The registry archives US films deemed to be of cultural, historic, or aesthetic importance. In other words, these are not just movies. These are "fi-i-lms."
And the single best predictor of whether a film will make it to this registry isn't box-office gross, critics' reviews, or public sentiment. Instead, it's the number of times other films adopt a registry candidate's general plot or offer a nod to one or more of its iconic scenes, according to a new study.
“We find that ultimately it is the creators, the filmmakers themselves, who will determine which movies are important, not the expert critics," said Luís Amaral, co-director of the Institute on Complex Systems at Northwestern University in Evanston, Ill., and the study's architect, in a statement.
The study is part of a larger effort to look for ways to use data mining to identify the most important scientific studies in various fields. One goal is to streamline the scientific process somewhat by shortening the time it takes for a researcher to quickly sort through an exploding number of studies to see which have been the most influential or pertinent to his or her new project.
Predictors for influence include the number of times a paper is cited by others in subsequent research or its appearance in influential journals. When publishing one's own results, including those references to others' work is required.
Artistic works have no such citation requirement. But informally, there might be similarities. After all, in music, Brahms’s First Symphony carries brief echos of Beethoven's Ninth Symphony in its final movement. Wagner and Mahler have clearly influenced film-score composers.
In movies, the film "When Harry Met Sally ..." carries a conversation between characters about "Casablanca," while "The Magnificent Seven," "For a Fistful of Dollars," and "Last Man Standing" borrowed general plot lines whole cloth from films by Japanese director Akira Kurosawa.

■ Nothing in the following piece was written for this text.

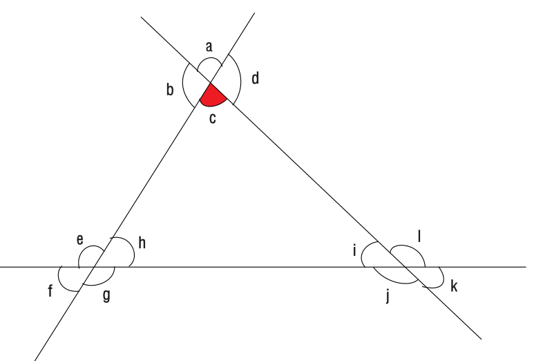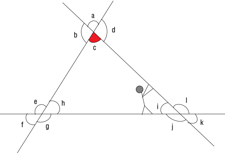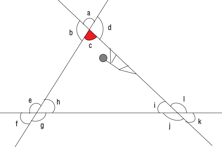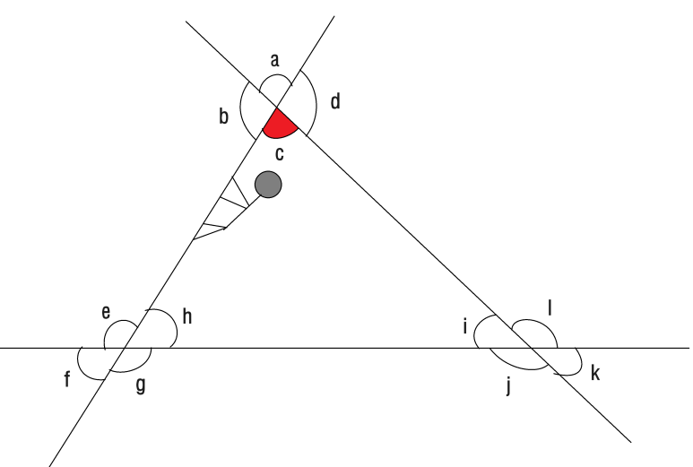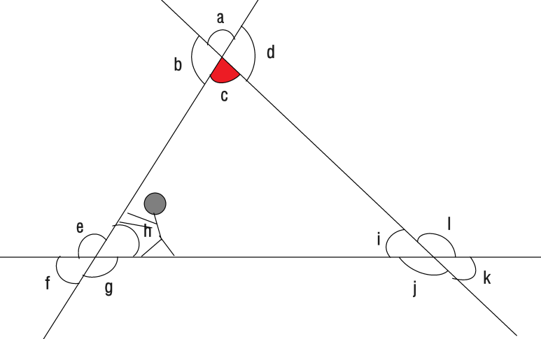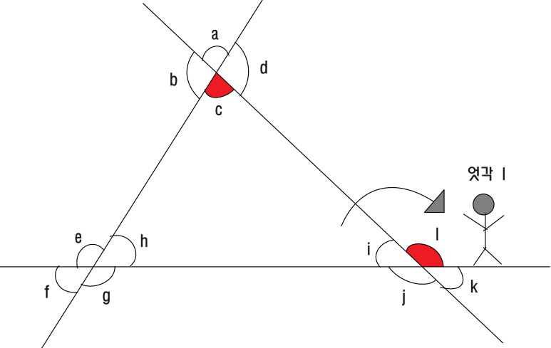 이렇게 하면 각 c의 엇각이 각e, 각 l 이라는 걸 비교적 쉽게 찾을 수 있어요.

"The main scientific question we started with was: To what extent can the evaluation of a single expert be trusted? This question is extremely relevant in science, art, literature, and music," Dr. Amaral writes in an e-mail. "Another question that we thought we would be able to investigate was: Can one define objective methods that accurately estimate the significance of a given work?"
Fortunately, with films the team had a powerful confluence of data sources for gauging factors that determine how important a film has been culturally, historically, or aesthetically.

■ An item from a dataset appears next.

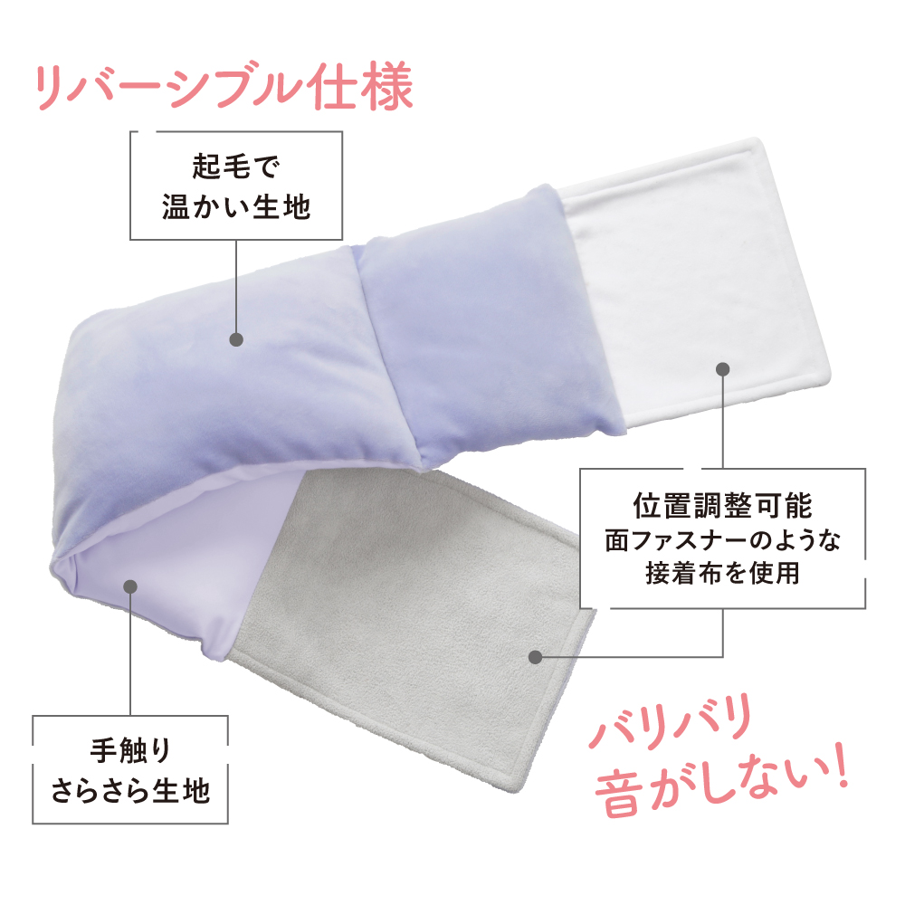 暑い時期はさらりとした生地を、寒い時期は起毛の生地を肌側に巻くと快適にお使いいただけます。

The Library of Congress's National Film Registry had 625 films in its collection against which to test factors that best predict which movies are likely to join the collection. (Since the paper was written, the registry's class of 2014 added 25 additional films.) The website IMDb.com is a mother lode of information on more than 1.7 million films – including the 15,425 US movies that the team used in the study, which were linked by one or more of the cumulative 42,794 "citations" to one another.
At the heart of the problem is finding an objective measure to represent quality or importance – traits that don't lend themselves to direct measurement but can be inferred from indirect measures.

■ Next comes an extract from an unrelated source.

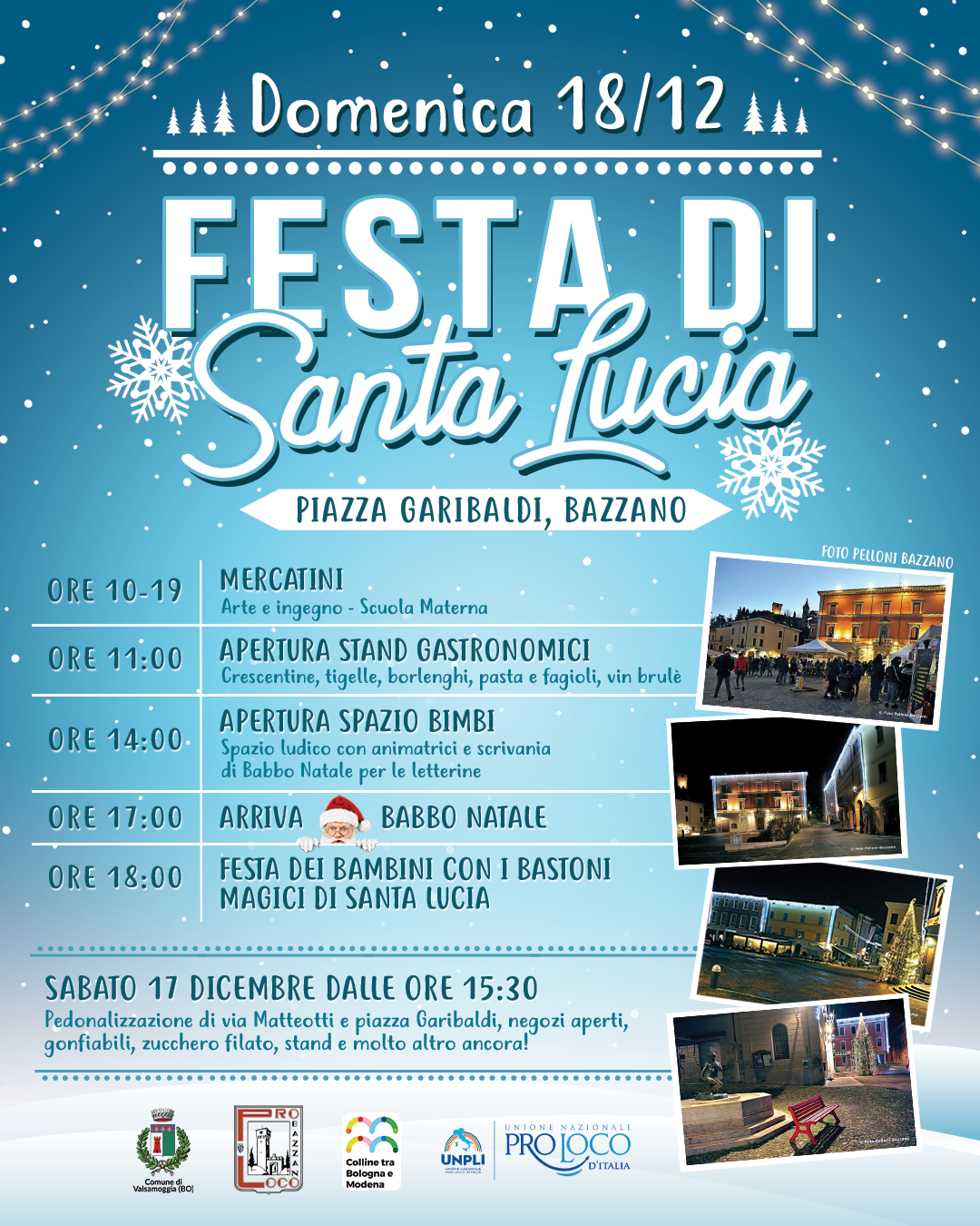 𝐃𝐨𝐦𝐞𝐧𝐢𝐜𝐚 𝟏8 𝐝𝐢𝐜𝐞𝐦𝐛𝐫𝐞 a Bazzano torna uno degli appuntamenti natalizi più amati: 𝐥𝐚 𝐟𝐞𝐬𝐭𝐚 𝐝𝐢 𝐒𝐚𝐧𝐭𝐚 𝐋𝐮𝐜𝐢𝐚!

For films, the researchers tested several potential indirect measures of a movie's significance. The subjective measures included the opinions of experts, from a single critic to many critics or the registry's own preservation board; and ratings offered by moviegoers.
Measures available as more-objective "hard numbers" included the amount of money a movie grossed, the number of times that scenes in a movie – or the movie itself – harked back to an earlier film, or the number of hits that a film's home page garnered through Web searches.
The team applied two statistical tests to these traits. One basically looks for correlations between trait and inclusion in the registry. The other is a more complex test that helps pick out factors that separate the important or influential from the rest of the pack.
One result – not much of a surprise, says Max Wasserman, an applied mathematics researcher in Amaral's lab and the lead author of the paper describing the study, published online Monday by the Proceedings of the National Academy of Sciences – is that the collective view of many film critics was a more powerful predictor of acceptance in the registry that the view of any single critic.
Of more interest was the cross-referencing among films. Films only one to two years old have the most references from new releases, the team found.
But the registry accepts only films that are at least 10 years old. When that is taken into account, registry films that garnered the most citations in new releases were those 20 to 25 years old at the time of the releases. The next most-frequent citations were films 15 to 19 years old.
In essence, the citation count for such "long gap" films as a predictor of inclusion in the registry is "superior" to predictions made using other metrics, the team concludes, and shows the power of using automated methods to help identify the cultural, historic, or aesthetic heavyweights.
But Mr. Wassermann points out that heavyweights can be underappreciated, even over time.
By the team's criteria, the film with the most references not currently in the registry is 1974's "The Texas Chain Saw Massacre," he notes.
Such films "are not considered to be the greatest thematic quality," he says. "But in the end, it is a very influential horror film, defining the genre."
It certainly influenced the insurance company GEICO, which ran ads last fall based on the horror classic.